### Collected data
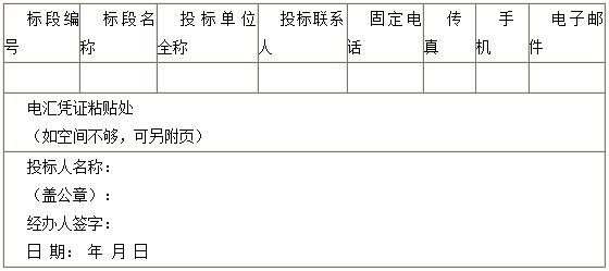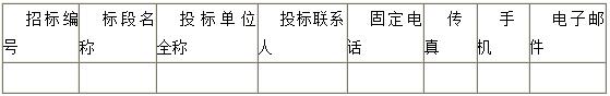 说明:本表中填报的投标人名称须全称且与营业执照上的名称一致。购买招标文件单位、购买招标文件回执确认单”中列明的单位必须一致。
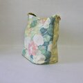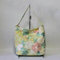 アップルグリーンに椿の花などが描かれた帯をリメイクしたバケツ型ショルダーバッグです。
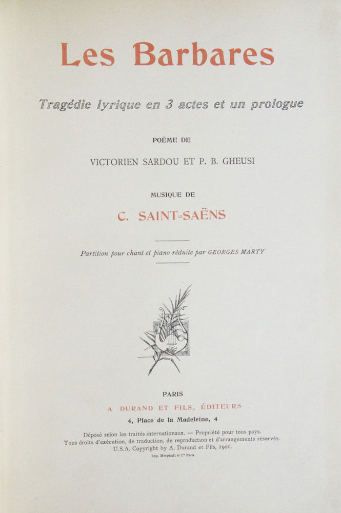 Les Barbares Tragédie lyrique en 3 actes et un prologue Poème de Victorien Sardou et P.B. Gheusi ... Partition pour chant et piano réduite par Georges Marty. [Piano-vocal score]
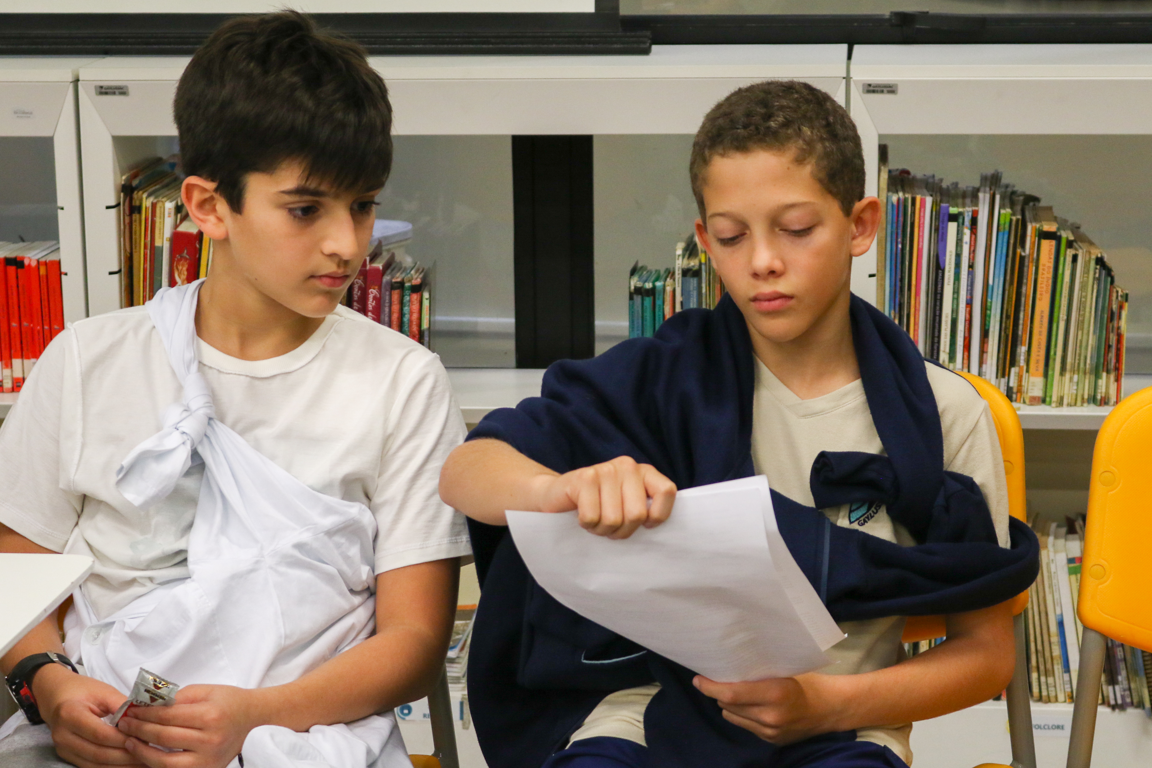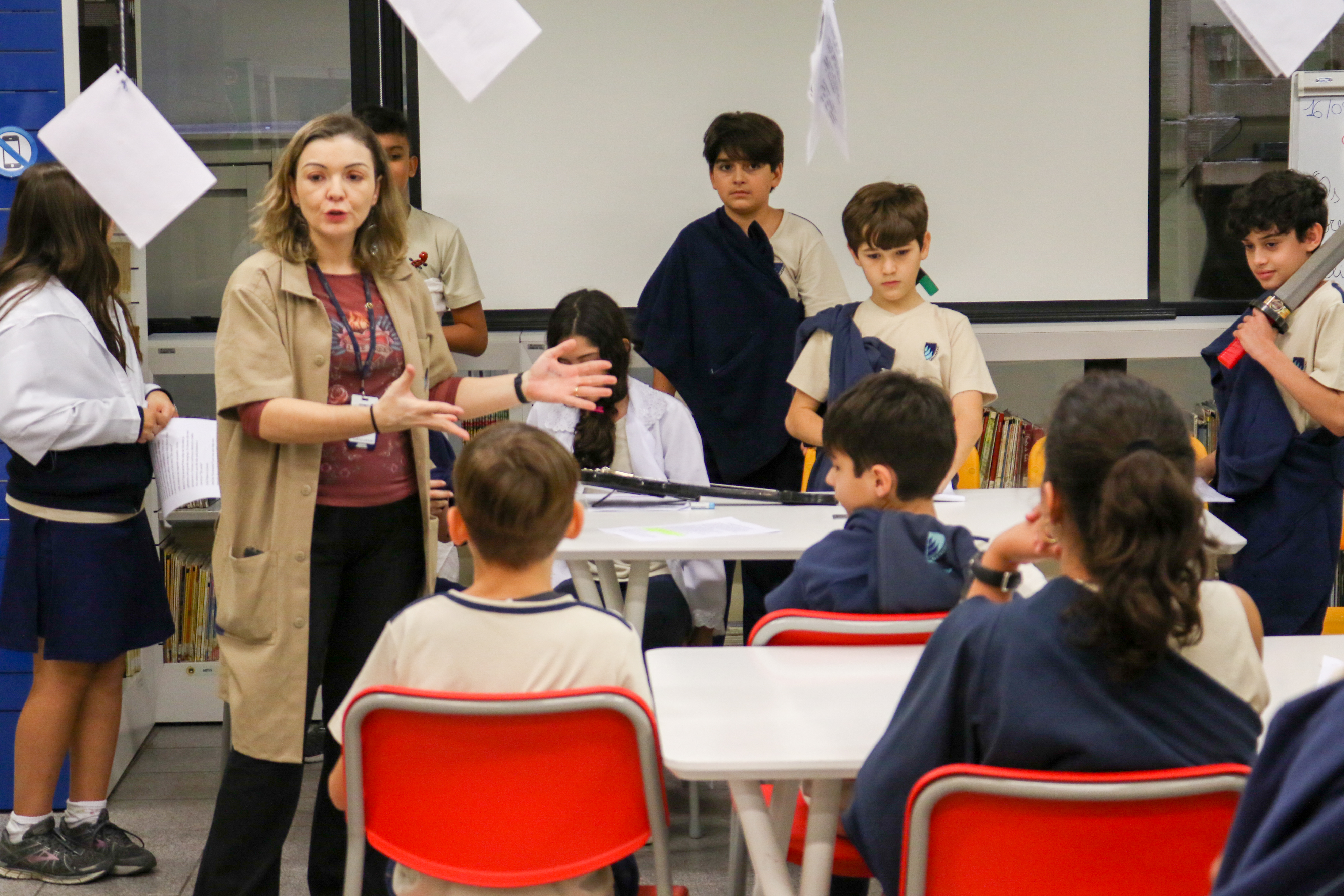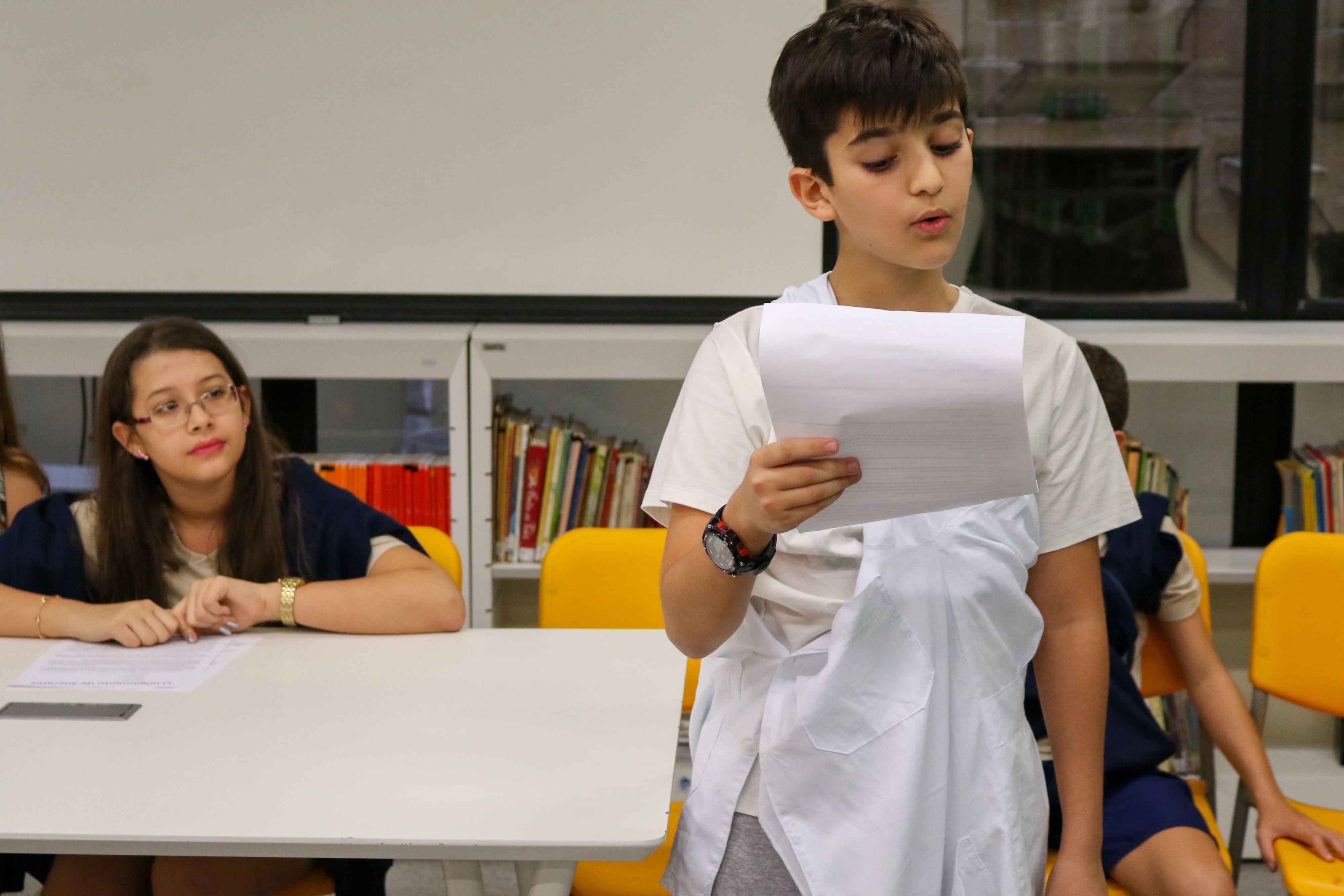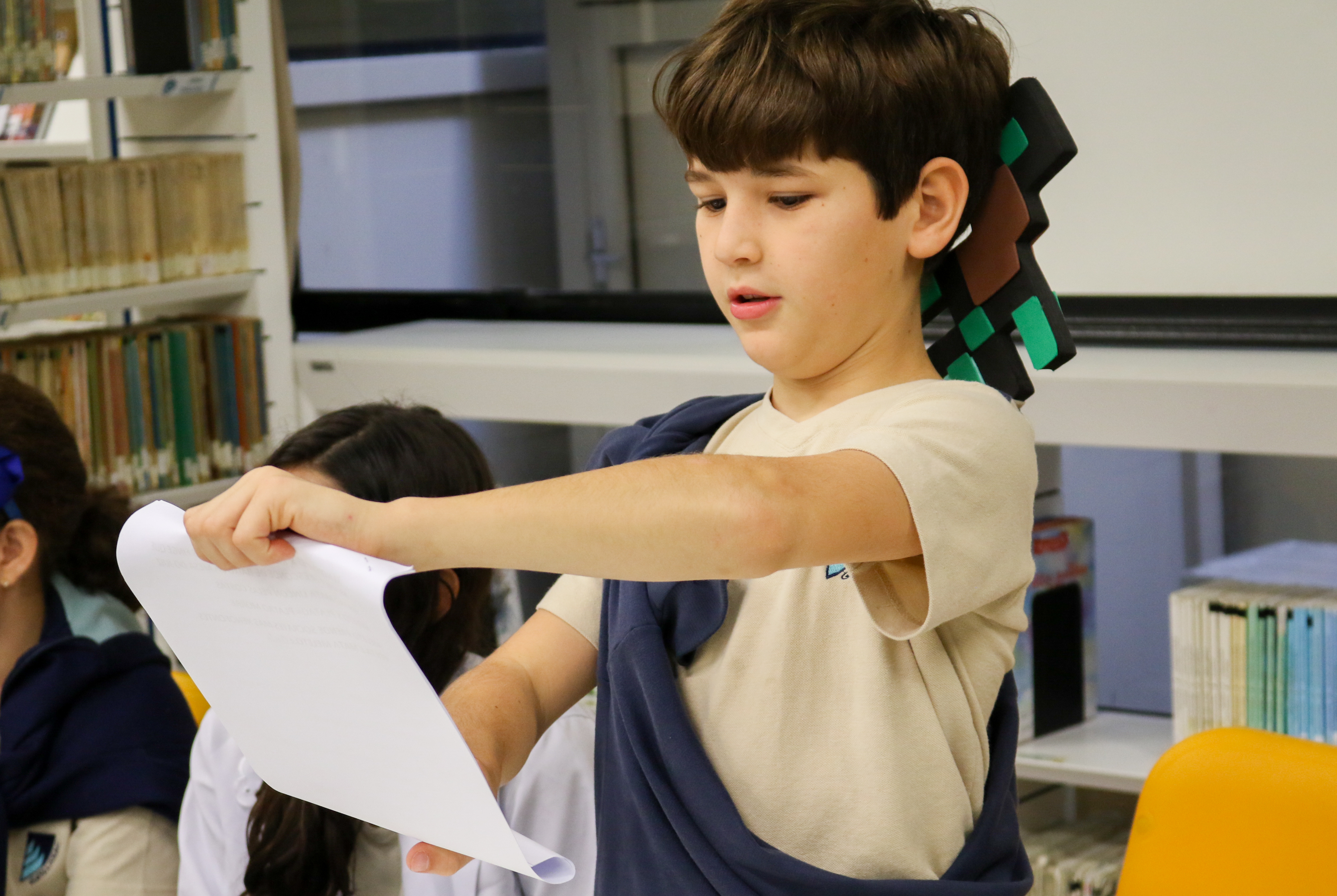 “Declaro aberto o julgamento de Sócrates”. Assim começou a apresentação de um dos grupos nas aulas de Cidadania e Salvaguarda. O conceito de democracia e o julgamento mais famoso da Grécia Antiga foram pauta de debate para os alunos do 6º ano do Ensino Fundamental. A proposta da professora Priscila Aquino foi que os alunos estudassem os personagens do julgamento e elaborassem um roteiro para simulação. Caracterizados e com as falas na ponta da língua, as turmas modificaram e atualizaram a história e os personagens em uma atividade lúdica e criativa repleta de aprendizado.

### Task statement
Pictures stay out of the copy; print the material above exactly.

### Solution for this exercise
 说明:本表中填报的投标人名称须全称且与营业执照上的名称一致。购买招标文件单位、购买招标文件回执确认单”中列明的单位必须一致。
 アップルグリーンに椿の花などが描かれた帯をリメイクしたバケツ型ショルダーバッグです。
 Les Barbares Tragédie lyrique en 3 actes et un prologue Poème de Victorien Sardou et P.B. Gheusi ... Partition pour chant et piano réduite par Georges Marty. [Piano-vocal score]
 “Declaro aberto o julgamento de Sócrates”. Assim começou a apresentação de um dos grupos nas aulas de Cidadania e Salvaguarda. O conceito de democracia e o julgamento mais famoso da Grécia Antiga foram pauta de debate para os alunos do 6º ano do Ensino Fundamental. A proposta da professora Priscila Aquino foi que os alunos estudassem os personagens do julgamento e elaborassem um roteiro para simulação. Caracterizados e com as falas na ponta da língua, as turmas modificaram e atualizaram a história e os personagens em uma atividade lúdica e criativa repleta de aprendizado.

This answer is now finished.